$\lim_{x \to \infty}e^{x-x^2}$ I am teaching calculus and am wanting to put the following question on a test
$$
\lim\limits_{x\rightarrow\infty}e^{x-x^2}
$$
I know this limit is 0, but as I try to show it rigorously (I mean justifying the steps, but no $\epsilon,\delta$) I am running into problems.
I know that $e^{x-x^2}=\frac{e^x}{e^{x^2}}$ but this doesn't simplify. Intuitively, $e^{x^2}$ grows faster than $e^x$ so the quotient approaches 0, but this seems a bit hand-wavey.

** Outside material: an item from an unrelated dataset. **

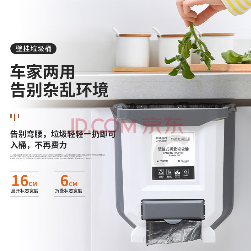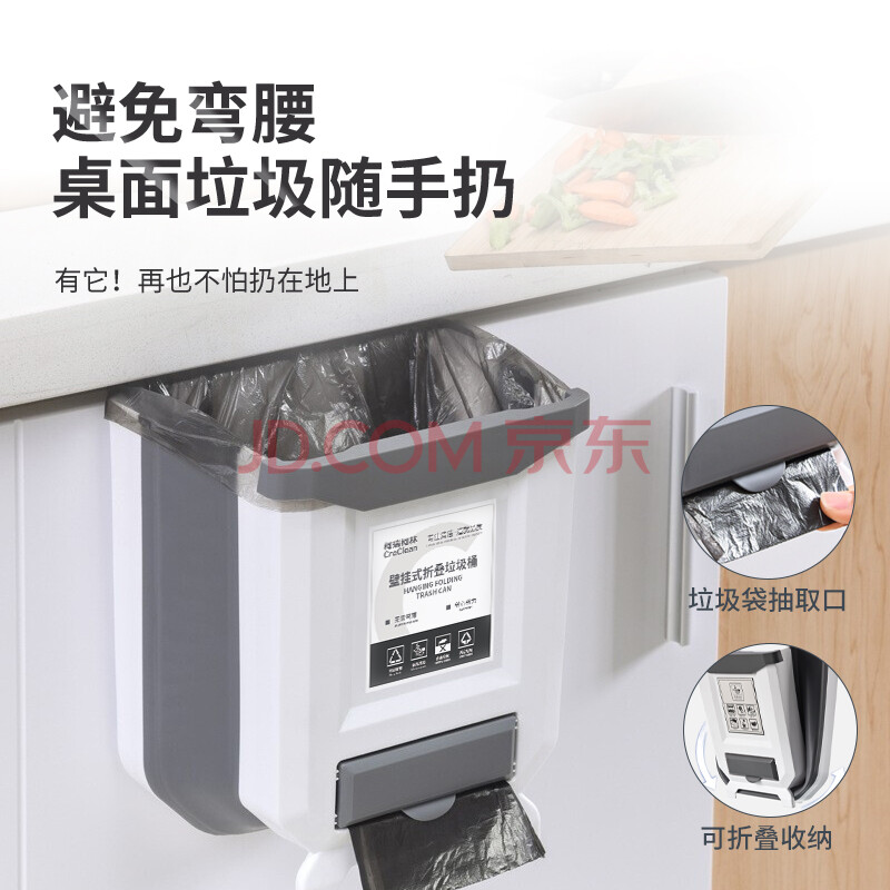 商品相册:柯瑞柯林(CreClean)壁挂垃圾桶厨房 可折叠家用车用收纳桶拉圾篓 TC002W 1个装第

Maybe since $e^x$ is continuous, we can apply the limit directly to $x-x^2$ and get nonsense like $\infty-\infty^2$. So if we factor we get $x(1-x)$ and note that $x\rightarrow\infty$ while $1-x\rightarrow-\infty$ so we get $\infty\cdot-\infty$ which again intuitively is $-\infty$ but it doesn't really make sense to multiply infinities. Nonetheless, if we "accept" this and abuse the notation we get $\frac{1}{e^{\infty}}$ which goes to 0 as well.

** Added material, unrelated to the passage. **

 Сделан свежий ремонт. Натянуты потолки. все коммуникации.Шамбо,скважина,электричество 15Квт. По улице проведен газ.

I feel like I am over complicating this and I don't want to ask a question that I can't explain clearly. How would you explain this without using an $\epsilon,\delta$ proof?
EDIT: Thanks for all of the responses. Obviously there are multiple ways to think about this, but with how I have been teaching using $e^{x-x^2}=e^{x^2(\frac{1}{x}-1)}$ which goes to $\frac{1}{e^{x^2}}$ as $x\rightarrow\infty$ seems like the "best" way to explain it. I do however like the squeeze theorem argument and might make it a bonus to prove this limit using squeeeze.
 A: Note that since $e^x>x$
$$0\le e^{x-x^2}=\frac{1}{e^{x^2-x}}\le\frac{1}{x^2-x}\to0$$
thus for squeeze theorem
$$\lim\limits_{x\rightarrow\infty}e^{x-x^2}=0$$
A: hint
Since
$$\lim_{x\to+\infty}x (1-x)=-\infty ,$$
$$(\forall \epsilon>0) \;\; (\exists A>0 ) \;:$$
$$x>A \implies x (1-x)<\ln (\epsilon) $$
 $$\implies e^{x-x^2}<\epsilon $$
then
$$\lim_{x\to+\infty}e^{x-x^2}=0$$
A: Hint:
1)use continuity of exponential function.
2) use $e^{x-x^2}=e^{x^2(\frac{1}{x}-1)}$
3) note that $\lim_{x \to \infty}(\frac{1}{x}-1)=-1$ 
A: if you accept that $\lim_{x\to\infty}e^x = \infty$ then certainly also:
$$
\lim_{x\to\infty}\frac{e^x}e = \infty
$$
now for $x\gt1$ we have 
$$
\bigg(\frac{e^x}e \bigg)^x \gt \frac{e^x}e
$$
so
$$
\lim_{x\to\infty}\bigg(\frac{e^x}e \bigg)^x = \infty
$$
i.e.
$$
\lim_{x\to\infty} e^{x^2-x} = \infty
$$
and
$$
\lim_{x\to\infty} e^{x-x^2} = 0
$$
A: Hint: you have for large $x$ :$ \exp(- x^2)\leq\exp(x - x^2)\leq \frac{1}{x²}$ then use squeez theorem you get $\lim \exp(x - x^2)=0$ for $x \to +\infty$
A: $x - x^2 \sim - x^2$ in $\infty$ so $x-x^2 \to -\infty$ in $\infty$ hence $\exp(x - x^2) \to 0$ in $\infty$
A: Another attempt:
Let $x\gt 0:$
$0\lt e^{-x^2} e^x\lt e^{-x^2} e^{x^2/2} =$
$e^{-x^2/2}  = \dfrac{1}{e^{x^2/2} }$,  for $x \gt 2.$
Can you take it from here ?
A: There is a simple solution using your simplification:
We rise x to the power:
$$e^{x-x^2}=\frac{e^x}{e^{x^2}}=(\frac{e}{e^{2}})^x$$
and we know that $$\frac{e}{e^{2}}<1$$
So we conclude that:
$$\lim\limits_{x\rightarrow\infty}e^{x-x^2} = \lim\limits_{x\rightarrow\infty}(\frac{e}{e^{2}})^x = 0$$